Exercise brief — Each line of the records has to be copied exactly, though the pictures must be left out.

Material for the task —
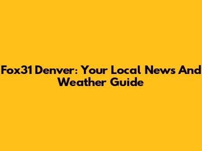 Fox31 Denver: Your Local News And Weather Guide
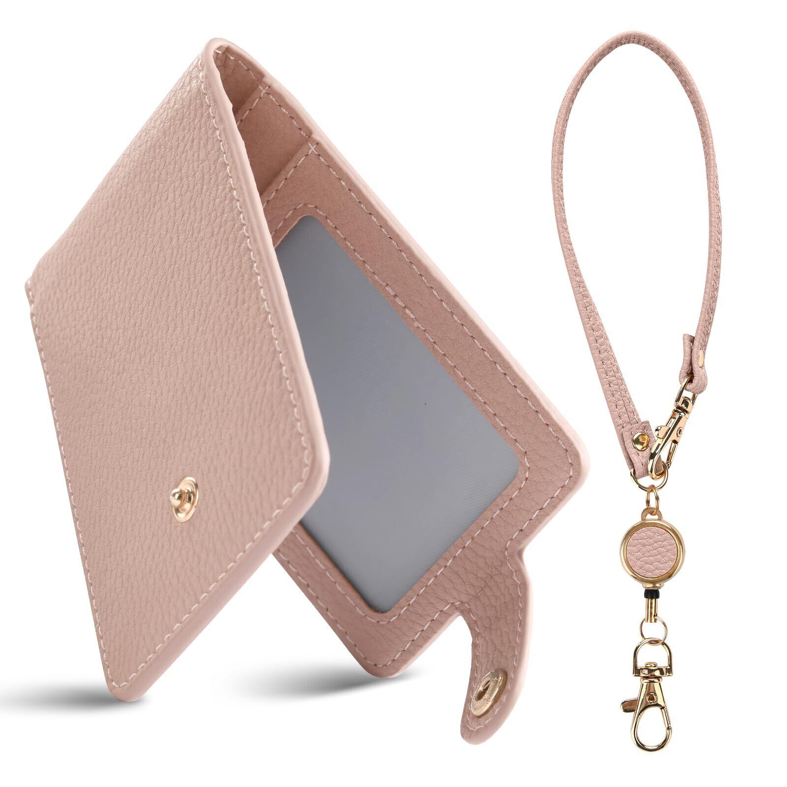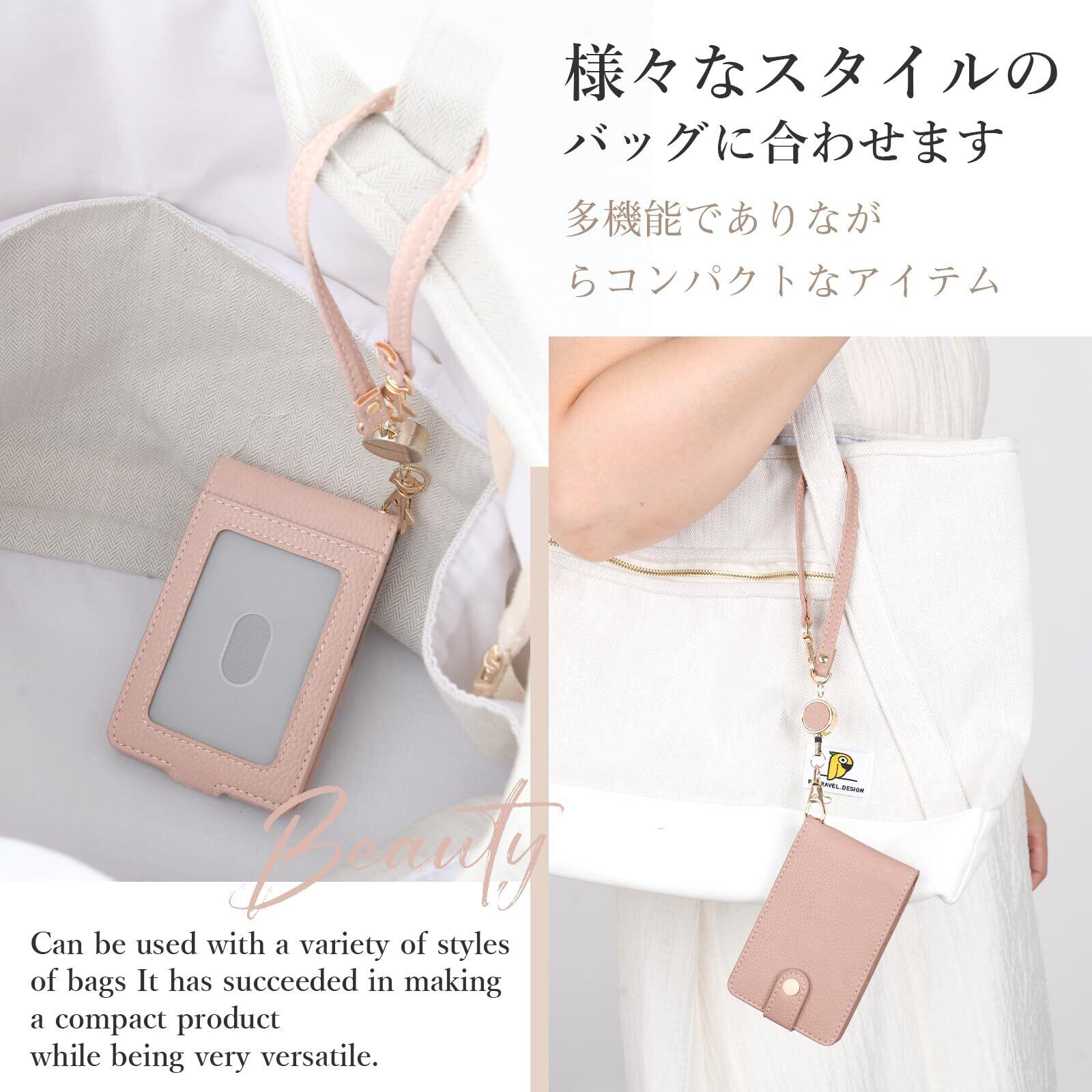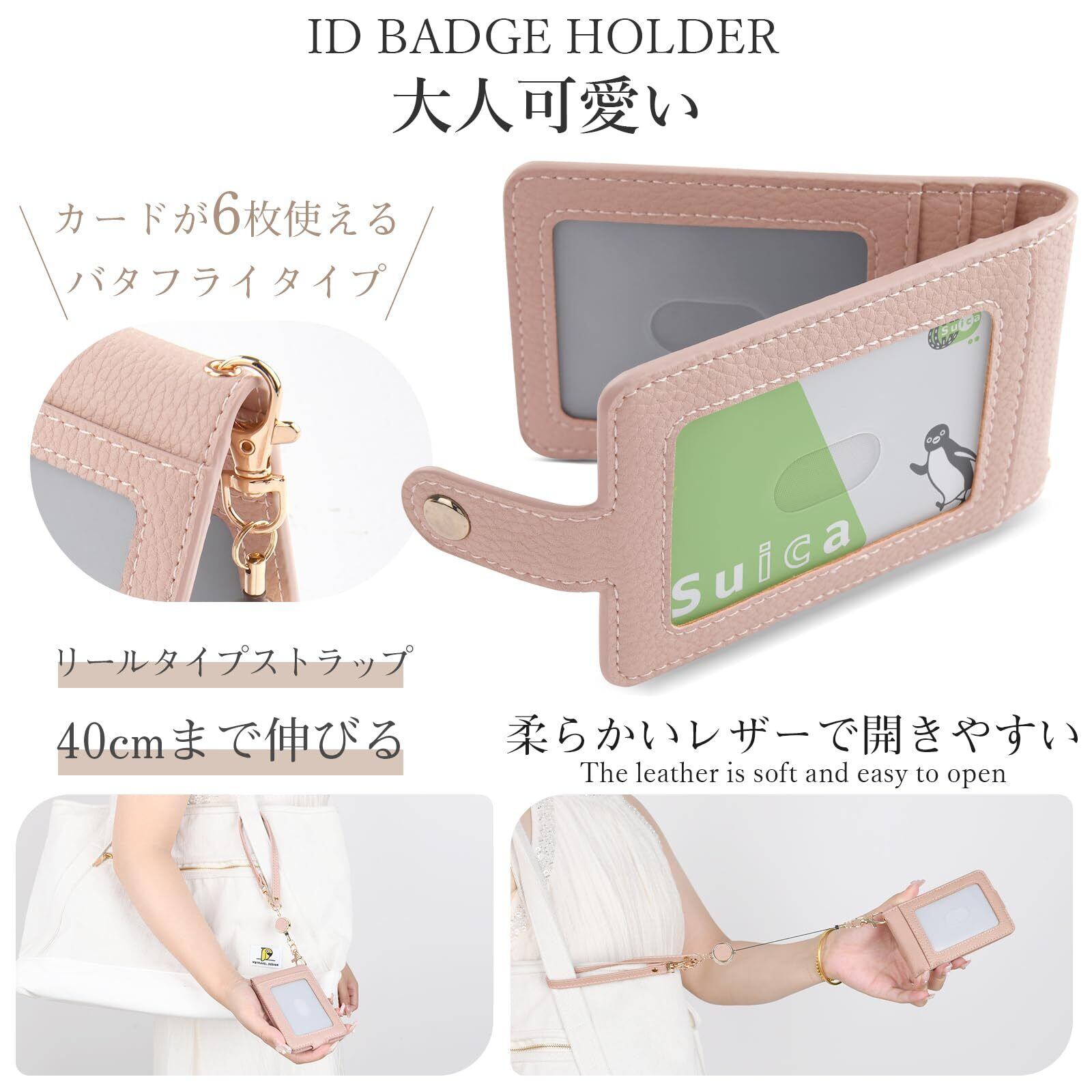 [Yeepan] 定期入れ パスケース パス入れ リール付き icカードケース カードケース 革 通勤 通学 ICカードケース ストラップ付き 3面 ICカード6枚使用可能バタフライタイプ メンズ レディース 極薄軽量-ベージュピンク
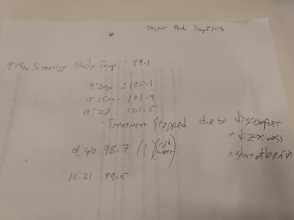 Mi foto en la cama fue la de la última fase del tratamiento. Daniel era mi médico-enfermero en este momento, monitoreaba mi temperatura como parte del tratamiento (segunda foto). La tercera foto era yo ayer por la mañana jugando a la pelota después del baño para la fiebre el jueves (9 abril) por la noche. Volví a la normalidad el viernes (10 abril) por la mañana, sin dolor ni un poquito. Lista para volver al trabajo!
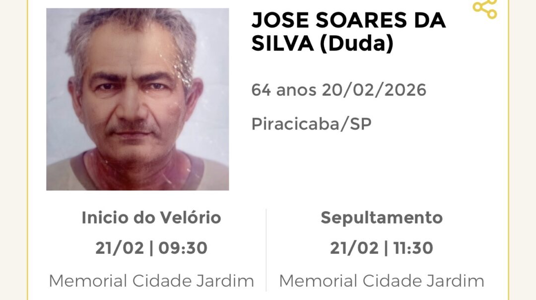 Sepultamento dia 21 as 11:30 hs., saindo o féretro do velório MEMORIAL CIDADE JARDIM, na cidade de Rio Claro para o cemitério MEMORIAL CIDADE JARDIM, na cidade de Rio Claro.
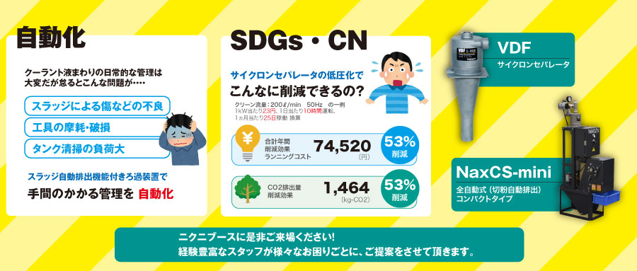 「クーラントろ過の自動化」「SDGs」「カーボンニュートラル」をテーマに

Answer to this exercise —
 Fox31 Denver: Your Local News And Weather Guide
 [Yeepan] 定期入れ パスケース パス入れ リール付き icカードケース カードケース 革 通勤 通学 ICカードケース ストラップ付き 3面 ICカード6枚使用可能バタフライタイプ メンズ レディース 極薄軽量-ベージュピンク
 Mi foto en la cama fue la de la última fase del tratamiento. Daniel era mi médico-enfermero en este momento, monitoreaba mi temperatura como parte del tratamiento (segunda foto). La tercera foto era yo ayer por la mañana jugando a la pelota después del baño para la fiebre el jueves (9 abril) por la noche. Volví a la normalidad el viernes (10 abril) por la mañana, sin dolor ni un poquito. Lista para volver al trabajo!
 Sepultamento dia 21 as 11:30 hs., saindo o féretro do velório MEMORIAL CIDADE JARDIM, na cidade de Rio Claro para o cemitério MEMORIAL CIDADE JARDIM, na cidade de Rio Claro.
 「クーラントろ過の自動化」「SDGs」「カーボンニュートラル」をテーマに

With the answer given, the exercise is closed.